Because the salinity datasets used in this paper are intended only to demonstrate the application of a valuation methodology to be applied in future restoration projects (ideally with better data), and because these datasets are middling in their quality, we chose a simplified approach by taking only the annual mean of pre-and post-restoration salinity, ignoring variance across depth or transect. We then multiplied the estimated annual pre-restoration emissions for each site by the total number of years that each post-restoration site remained above 18 psu to estimate the total avoided emissions resulting from each restoration effort within the period where salinity data is available. This methodology is oversimplified and future application of the methodology described in this paper should likely include consideration of variance by depth, time, and spatial distribution. In time, and provided that the reimbursement rate is increased from $20-ton-1, some of the potential revenue from VCS crediting could be used to offset some of the costs. There is a tradeoff between the accuracy of the information that can be derived from a monitoring program and the costs for implementing that monitoring program.

The voluntary market is important but needs tightening

A market-based approach shows potential to mitigate greenhouse gas emissions, but concerns remain in the current use of salinity data to achieve those ends, especially given the recent issues demonstrated by the over-crediting of forestry credits by the California Air and Resource Board described by Badgley et al. (2021) [34] and Song and Temple (2021) [35]. While the current literature (and therefore, the VCS methodology) allows for the use of salinity data as a proxy for methane emissions from salt marsh, the application of this proxy is limited only to a range of potential emission values based on its distance from the benchmark of 18 psu.

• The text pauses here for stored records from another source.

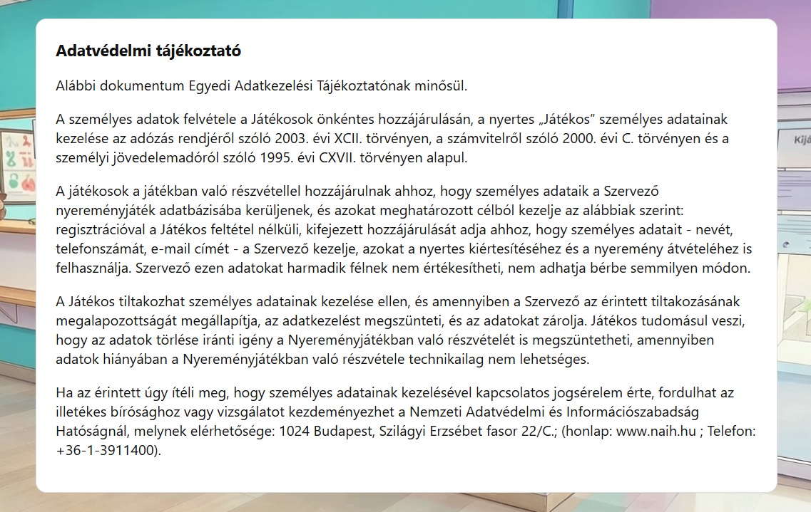 A játékos téves adatszolgáltatásából eredően a Szervezőt semmilyen felelősség nem terheli.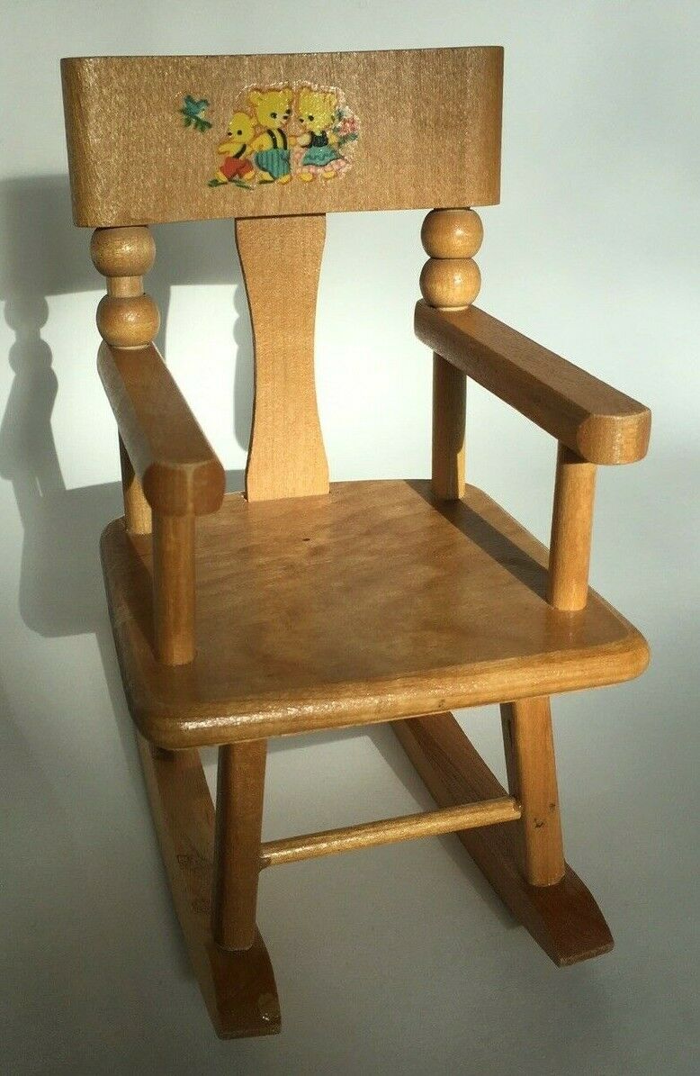 Title (ebay affiliate link): 1950''s STROMBECKER DOLL FURNITURE: 7" WOOD ROCKING CHAIR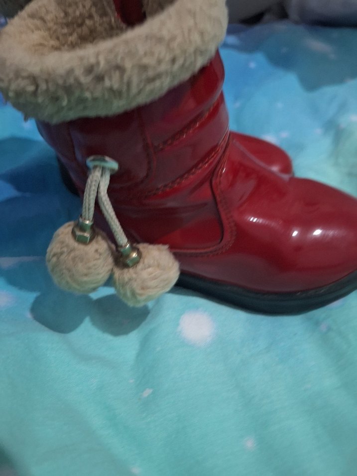 Kız çocukları için renkli kırmızı lastik bot, üst kısmında kürk detayları ve yanlarda süsleme olarak kürk ponponlar bulunur.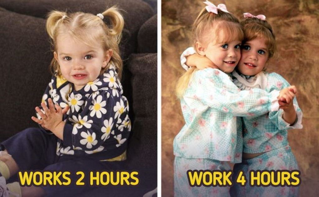 در کالیفرنیا کودکانی که زیر ۶ ماه سن دارند موظفاند تا ۲ ساعت در روز را در کنار مجموعه باشند و ۲۰ دقیقه کار کنند. کودکان از ۶ ماه تا ۲ سال نیز میتوانند ۴ ساعت در کنار مجموعه بوده و ۲ ساعت در روز را کار کنند. به همین دلیل است که کارگردانان آمریکایی سعی میکنند از دو قلوها برای انجام کار خود استفاده کنند چرا که این کار هم به بالا بردن تعداد ساعات کمک کرده و هم اگر یک کودک حال و روز چندان مناسبی نداشت، از دیگری بتوان استفاده کرد.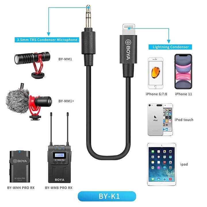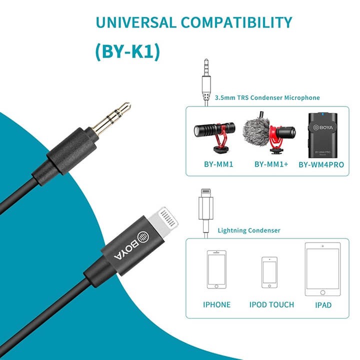 Dây chuyển mic máy ảnh sang Lightning MFi BOYA BY-K1Hãng sản xuất: BOYA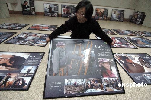 2月22日,“无手摄影师”郑龙华正在浙江展览馆布展。两天后,他拍摄的“中国100位残疾人精英摄影展”将在此开幕。郑龙华幼年失去双手,80年代初他开始自学摄影,并创作了大量作品。从2006年5月开始,他深入全国102个县,历经759个工作日,行程6万余公里,采访了全国各地各行业100位残疾人精英。中新社发 施健学 摄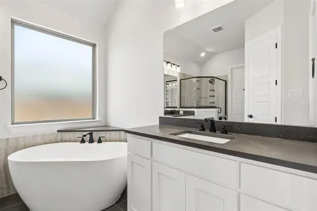 MLS# 21140938 – Built by Chesmar Homes – Ready Now! ~ This stunning single-family residence in Lakeview Heights offers 4 spacious primary bedrooms and 3 full and 1 half bath, across 2,648 square feet of modern living space. Built in 2025, this home features an open floorplan with vaulted ceilings, decorative lighting, and an eat-in kitchen equipped with a gorgeous central location with double islands and pantry. The family room boasts a gas fireplace, enhancing the inviting atmosphere. Enjoy outdoor living on the covered patio in a large private yard with a sprinkler system and beautiful landscaping. Additional highlights include a three-car garage, smart home features, and high-speed internet availability. Located within the highly regarded Azle ISD, with Hilltop Elementary and Azle High School nearby. Completion is estimated for March 27, 2026. Experience comfortable and stylish living in this exceptional property.
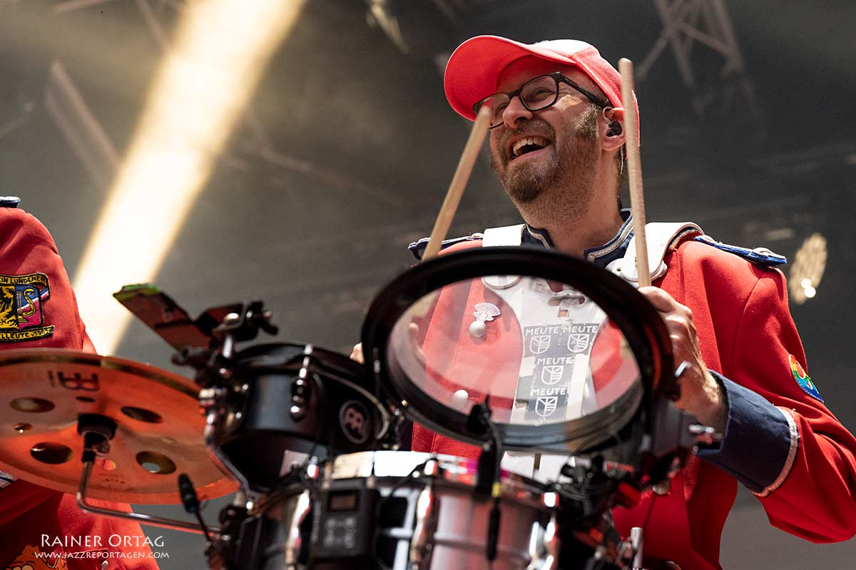 Diese Art von Ekstase gab es wohl seit es die Jazz Open im Alten Schloss gibt so noch nie. Eine Blaskapelle die gut 1200 Zuhörer in ekstatische Bewegung versetzt. Eine Blaskapelle? Eigentlich nicht vorstellbar. Doch dem deutsche Ensemble Meute gelingt es vom ersten Ton an die Masse, im erstmals unbestuhlten Schlosshof zum Tanzen zu bringen. Wehe wenn die Meute losgelassen wird, dann fegt die Abrissbirne, oder besser gesagt bläst ein Tornado durch die Konzertsäle oder, wie in Stuttgart, durch den Schlosshof.
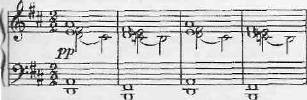 Однако при всех нюансах восприятия диссонансов их значение и смысл в классической музыке не меняется; не меняется и закономерность движения от диссонанса к консонансу. Лишь в нашем столетии диссонанс становится более автономним — не только не требует разрешения, но и подчас вьшолняет роль тех устойчивых опор в музыке, которые ранее выполняли только консонансы. В определенных условиях мы воспринимаем некоторые диссонирующие сочетания как самостоятельные, не обязательно вызывающие за собой появление консонанса. Например, тогда, когда усложняется добавочными (так называемыми неаккордовыми) звуками основное трезвучие, с которого обычно начинается произведение. Например, в пьесе Дебюсси «Кукольный кэк-уок»[1] 1 еще до вступления мелодии главной темы звучит танцевальный аккомпанемент, в основе которого — усложненное диссонирующими наслоениями трезвучие тональности ми-бемоль мажор: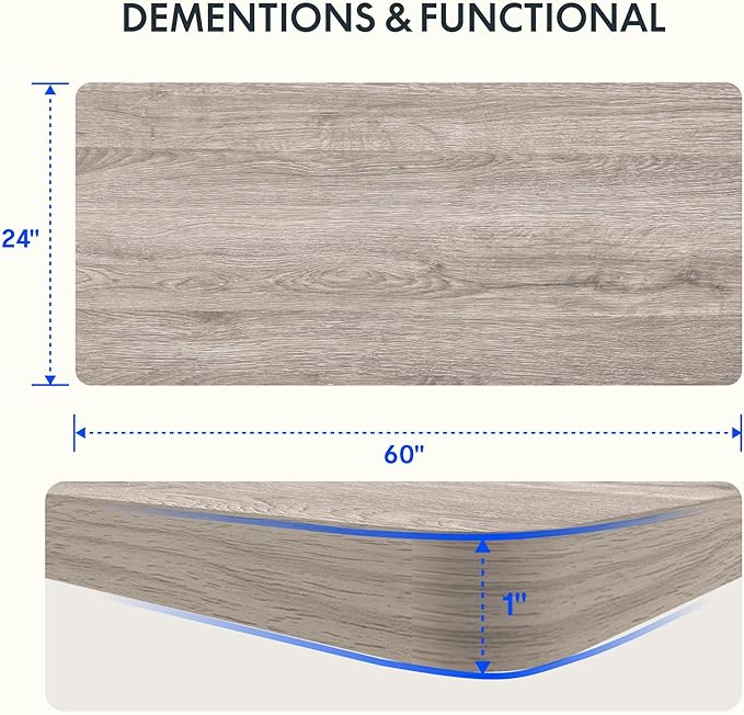 - AMPLE WHOLE-PIECE DESKTOP: With its whole-piece 1” eco-friendly desktop, this standing desk provides plenty of room for your computer setup, documents, and accessories, creating a well-organized and productive work environment. Due to hand measurements, desktop dimensions may vary slightly by 0 to 1”.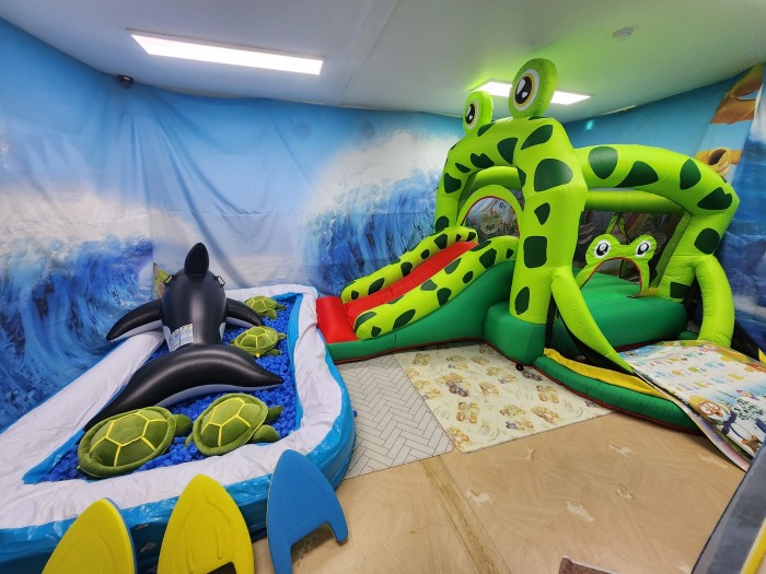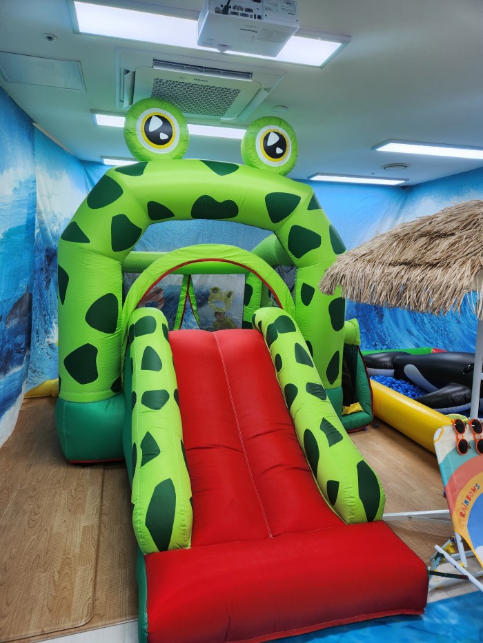 - 개구리 미끄럼틀을 타요. (부딪쳐 다칠 수 있습니다. 1~2명씩 태워주세요.)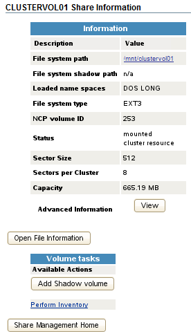 From the drop-down list of available NCP volumes on the server, select the NCP volume that you defined in the load script, such as CLUSTERVOL01. |
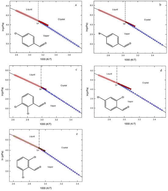 Phase diagrams in the vicinity of the triple points for the five compounds studied: ○, vaporization; ●, vaporization (supercooled liquid); Δ, sublimation. TP: Triple point coordinates. (a) 4-Chlorobenzaldehyde: Ttp = 319.43 K; ptp = 1.23 × 102 Pa; (b) 4-Bromobenzaldehyde: Ttp = 330.02 K; ptp = 99.1 Pa; (c) 2,3-Dichlorobenzaldehyde: Ttp = 334.82 K; ptp = 87.6 Pa; (d) 2,4-Dichlorobenzaldehyde: Ttp = 343.90 K; ptp = 2.01 × 102 Pa; (e) 2,6-Dichlorobenzaldehyde: Ttp = 342.99 K; ptp = 85.7 Pa.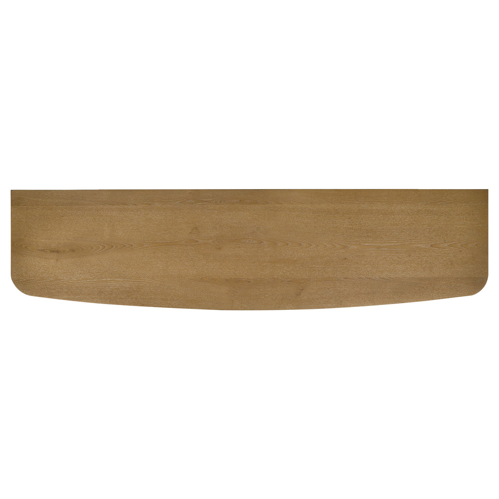 With graceful curves and rich texture, this mid-century inspired media console becomes an understated centerpiece. Reeded sliding doors ripple gently across the front, adding quiet rhythm to its softened silhouette. The weathered natural finish warms the room like sunlight through wood grain, while open shelving within offers thoughtful space for your favorite pieces. Crafted from solid rubberwood and engineered wood, and perched on tapered legs, it brings both elegance and ease to any curated living space. Key Features: • TV stand media console holds televisions up to 75 inches with stable, spacious top • Reeded sliding doors provide textural movement and conceal open shelving • Softly curved front and rounded corners offer a sculptural, mid-century profile • Interior shelves store media components, décor, or entertainment accessories • Back panel includes cord management cutouts for a clean, organized setup • Crafted from solid rubberwood and engineered wood in a weathered natural finish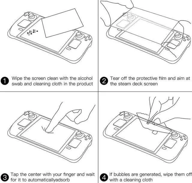 PACKING LIST --- 3 Pack ( 3 x Steam Deck Screen Protector, 1 x Wet Wipes + Dry Wipes, 2 x Guide Stickers, 1 x Dust-absorber, 1 x Gift Box with Instructions.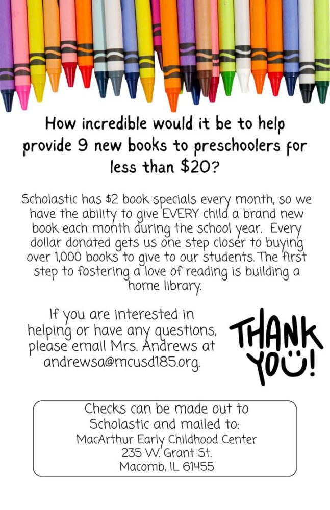 Reading is FUNdamental, so MacArthur Early Childhood Center would love to give every student a free book every month this school year. Thanks to Scholastic’s $2 book specials, each child can be sponsored for just $18 for the whole year. Every dollar donated will be used towards our total goal of over $2000. Can you help? #mac185

Eqs 42 and 43 of the VCS VM0033 seem to compensate for this in recommending more conservative post-restoration emissions factors of 1.1 g CH4-m-2y-1 for wetlands with salinity values greater than 18 psu but less than 20 psu, and 0.56 g CH4-m-2y-1 for salinity values greater than 20 psu compared against the post-restoration emissions factor of 0.46 as applied by Kroeger et al. (2017) [4]. Methods for the assessment of the pre-restoration emission factor are not described and therefore dependent on present-day recommendations in the literature. One concern with this approach is that the use of these benchmarks might lead to a higher than acceptable level of inaccuracy that could be avoided if the salinity approach were replaced with more methane-specific monitoring approaches. Given the importance of calculating estimated avoided emissions to potentially inform state-level GhG emissions targets and/or offset the emissions of fossil fuel-intensive activities, the development of more sensitive methods would mitigate the potential pitfalls of blue carbon crediting before it grows in popularity.

Current crediting rates are insufficient

Our approach calculated the upper bound of potential income from all impaired salt marsh in Massachusetts, which is inclusive of 932 hectares (2,304 acres) of salt marsh and could result in the return of approximately $96,072-yr-1 or $42 -acre-yr-1 in blue carbon credits assuming $20-ton-1 of CO2e avoided. Even when applying the 20-year GWP of methane (80.8), this return only increases to $285,389-yr-1 ($124-acre-yr-1) at $20-ton-1 of CO2e avoided. This is insufficient.

While costs associated with salt marsh restoration projects (such as culvert widening or the removal of tidal restrictions) are highly variable and dependent on location, a helpful frame of reference can be found in a March 2024 grant opportunity offered by the Massachusetts Division of Ecological Restoration’s Department of Fish and Game [36], which provided grant funding ranging between $25,000 - $400,000 per project to replace aging culverts. If we use this range as a stand-in for the cost of culvert replacements in salt marsh, the scale of these potential financial returns via a voluntary blue carbon crediting program is not yet sufficient on its own to encourage additional investment in restoration, or impactful enough to meaningfully offset the cost of a restoration or even the cost of monitoring the impact of that restoration.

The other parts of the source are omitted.